The initiative builds on and updates the BCA’s 2017 guide for contracting authorities, reflecting legal, market and policy developments since its original publication. The 2017 guide already highlighted the high cost of bid rigging and collusion for contracting authorities, highlighted the main signals that may indicate bid rigging and provided examples of measures that can be implemented to prevent collusion.
The new draft updates best practices to reflect current market realities and sets out recommendations to raise awareness and strengthen cooperation between public buyers and the BCA, with the aim of safeguarding effective, fair and innovation‑friendly public procurement.

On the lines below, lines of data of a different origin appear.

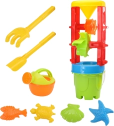 Duży młynek do piasku, wiaderko, łopatka, grabki, konewka, 4 foremki
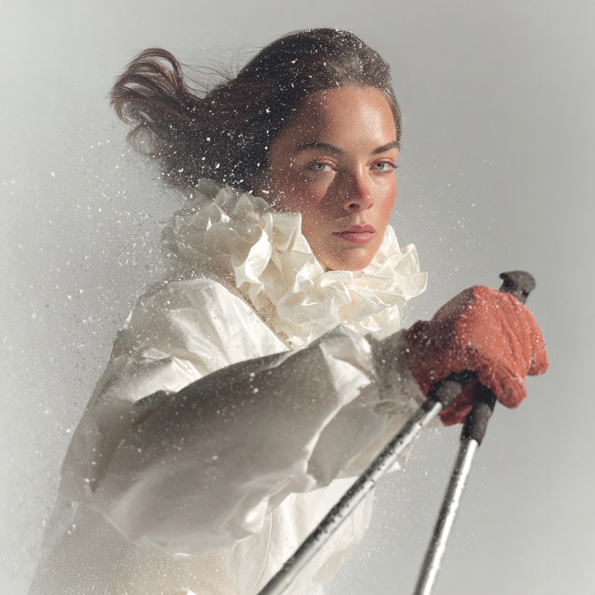 • AI visuals using icy light, reflective surfaces, and minimal compositions
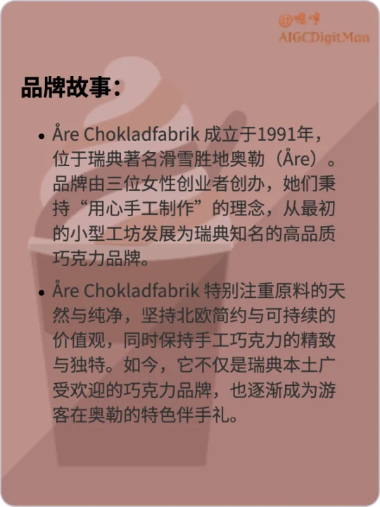 品牌由三位女性创业者创办,她们秉持“用心手工制作”的理念,从最初的小型工坊发展为瑞典知名的高品质巧克力品牌。

Positioning public buyers as first‑line actors, the BCA relies on their key role to detect, early on, unusual bidding patterns and other red flags that suggest anticompetitive practices. The new draft guidance encourages early, even informal, engagement with the BCA where concerns arise, and sets out a structured approach to responding to suspected anticompetitive practices, including contacts with the BCA, preservation of evidence and internal reporting.
Substantively, the new draft guidance goes beyond a checklist of “red flags” to cover upstream stages, notably the planning and design of contracts, where the ability to preserve competition often comes into play. It also addresses the choice of procedure and the balance between transparency and confidentiality, noting that excessive transparency in concentrated markets can inadvertently facilitate coordination of competitors.
On vigilance during tendering, the draft details indicators of concerted practices, including recurrent rotations of winners, coordinated non‑submissions or withdrawals, identical pricing structures and suspiciously similar documents. It also provides for practical measures to be implemented, such as anti‑cartel clauses in tender documents, separate site visits and the use of anonymous Q&A channels. It further warns that joint bidding may raise competition issues where participants could have bid independently.
The consultation’s objective is to ensure the draft guidance meets stakeholder expectations, fills gaps identified by practitioners and clarifies complex intersections between procurement and competition rules. Contributions received will support the refinement and finalisation of the guidance.
The consultation is open until 28 February 2026.